OpenAI configures the session in the `session.update` payload. Cartesia takes the equivalent settings as query parameters.

| OpenAI session config                                   | Cartesia Realtime STT (Auto)                                                             | Notes                                                                                                                    |
| ------------------------------------------------------- | ---------------------------------------------------------------------------------------- | ------------------------------------------------------------------------------------------------------------------------ |
| `?intent=transcription`                                 | —                                                                                        | Ink only supports transcription.                                                                                         |
| `audio.input.transcription.model` (`gpt-4o-transcribe`) | `model=ink-2` <Badge color="red" size="sm">required</Badge>                              | See [Models](/build-with-cartesia/stt/latest) for all options.                                                           |
| `audio.input.format` (`audio/pcm`, 24 kHz)              | `encoding=pcm_s16le` + `sample_rate=24000` <Badge color="red" size="sm">required</Badge> | Cartesia supports many more input audio formats.
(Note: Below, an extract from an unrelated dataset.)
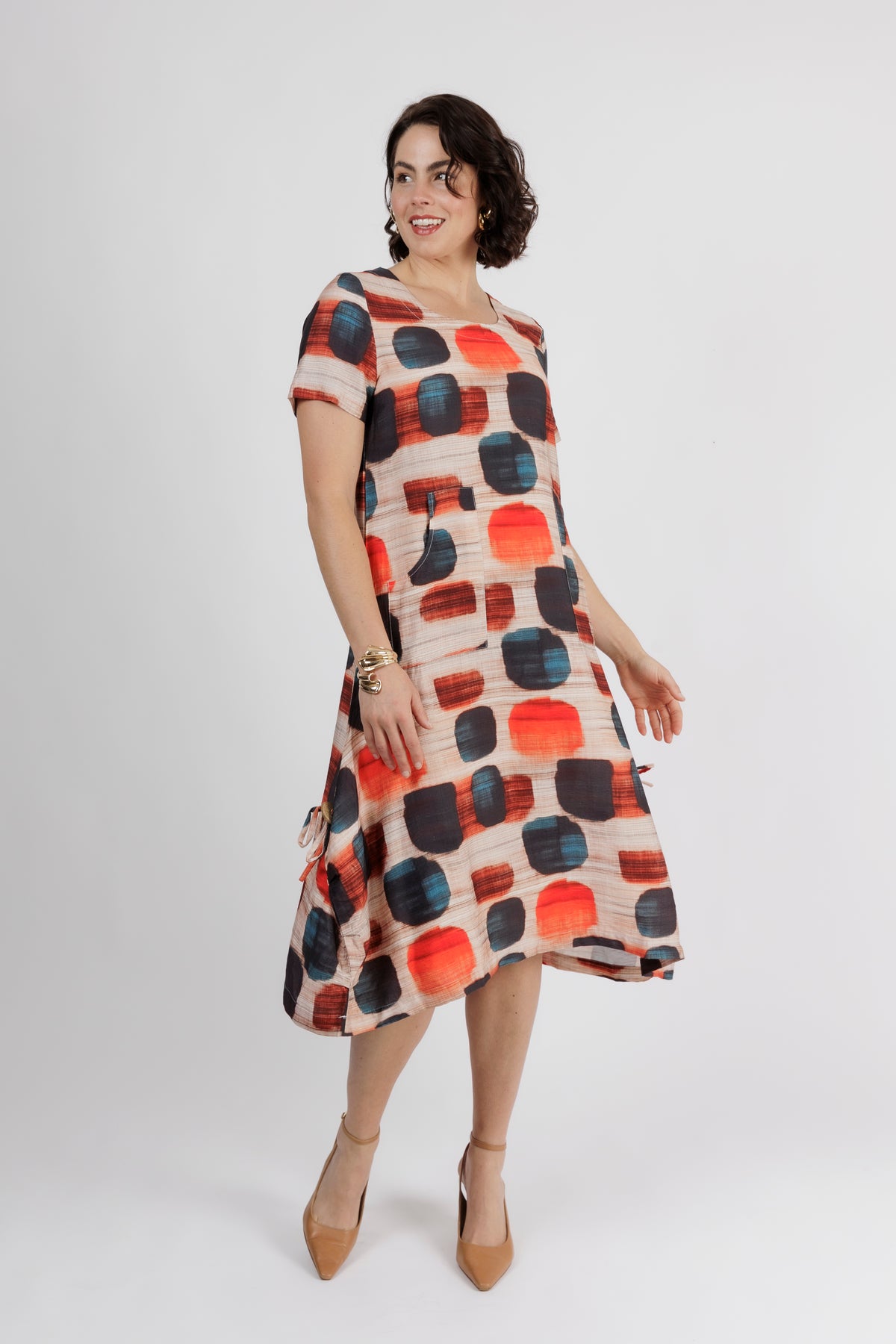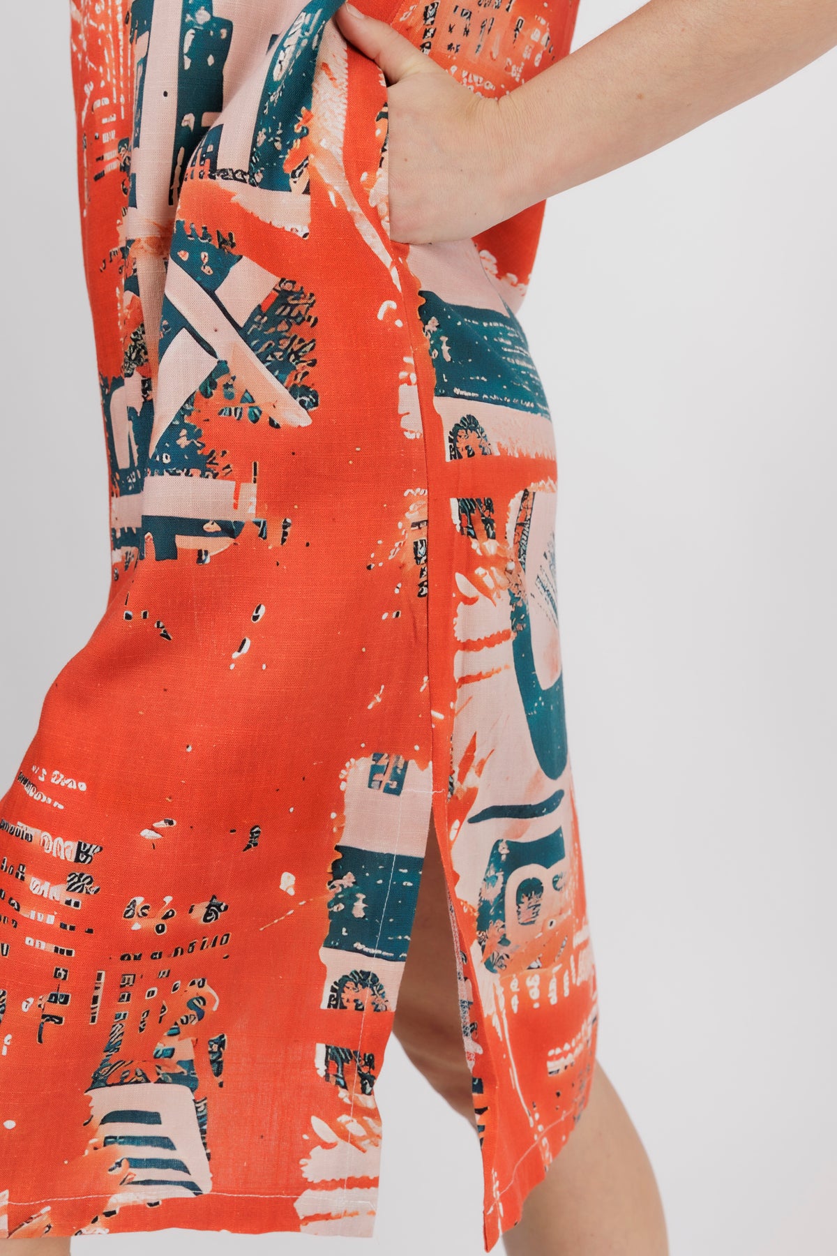 LIDA Multi Abstract Print Linen Blend Midi Dress

See [encoding](#encoding) for all options.                              |
| `audio.input.turn_detection` (`server_vad`)             | —                                                                                        | See [manual finalization](/use-the-api/stt/migrate-from-openai-realtime-transcription/manual) to disable turn detection. |
| `audio.input.transcription.language`                    | —                                                                                        | `ink-2` only supports `en` right now. More languages are coming soon!                                                    |
| `audio.input.transcription.delay`                       | —                                                                                        | Not configurable.                                                                                                        |
| `audio.input.noise_reduction`                           | —                                                                                        | Not required.                                                                                                            |
| —                                                       | `cartesia_version=2026-03-01` <Badge color="red" size="sm">required</Badge>              | See [API Conventions](/use-the-api/api-conventions#always-send-a-cartesia-version-header) for details.                   |

<Accordion title="encoding">
  OpenAI sets the input format under `audio.input.format`. Cartesia takes `encoding` and `sample_rate` as query parameters.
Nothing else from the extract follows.